There are a number of ways to allow calves to creep graze ahead of cows. Probably the most secure method is to install a creep gate between paddocks. A creep gate is similar in design to the front gate on your creep feeder.
Other farmers simply raise the electric fence and allow calves to move in under the wire. This is satisfactory when calves are small, but it does not work as well for older calves.
If you are planing to insert a creep gate, make sure the vertical bars are adequately spaced to allow calves to pass through easily without getting stuck at the hips. A horizontal bar about 14 inches off the ground will prevent cows from going on their knees and trying to squeeze through.
Some farmers will put a cull cow in the adjacent paddock for a few days in order to encourage the calves to move ahead of the cows. Creep grazing also allows you to target meal feeding, as opposed to feeding ad-lib meals through a creep feeder.

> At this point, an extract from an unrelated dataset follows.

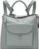 Women's Leather Mini Backpack Purse Handbag is a real leather backpack with a zipper closure and polyester lining. It has 1 back slide pocket, 1 back zipper pocket, 1 front flap pocket with magnetic snap and interior with 1 slide pocket and 1 zipper pocket. It is compatible with iPad Mini and has the measurements of 10"L x 4"W x 9.25"H with 1 top handle and 2 adjustable & detachable backpack.

This is very beneficial in the case of heifers, or if calves are being retained on the farm and there is no benefit from ad-lib meal feeding.
Tip: Put a date in the diary
The first step when putting a weaning strategy in place is to establish a weaning date for the various groups of calves on the farm. Farms with a tight calving interval will perhaps have one or two weaning dates, while this may increase to five or six dates on farms with a spread-out calving interval.
Nonetheless, put dates into your diary, as everything from meal feeding to dosing will be dependent on these dates.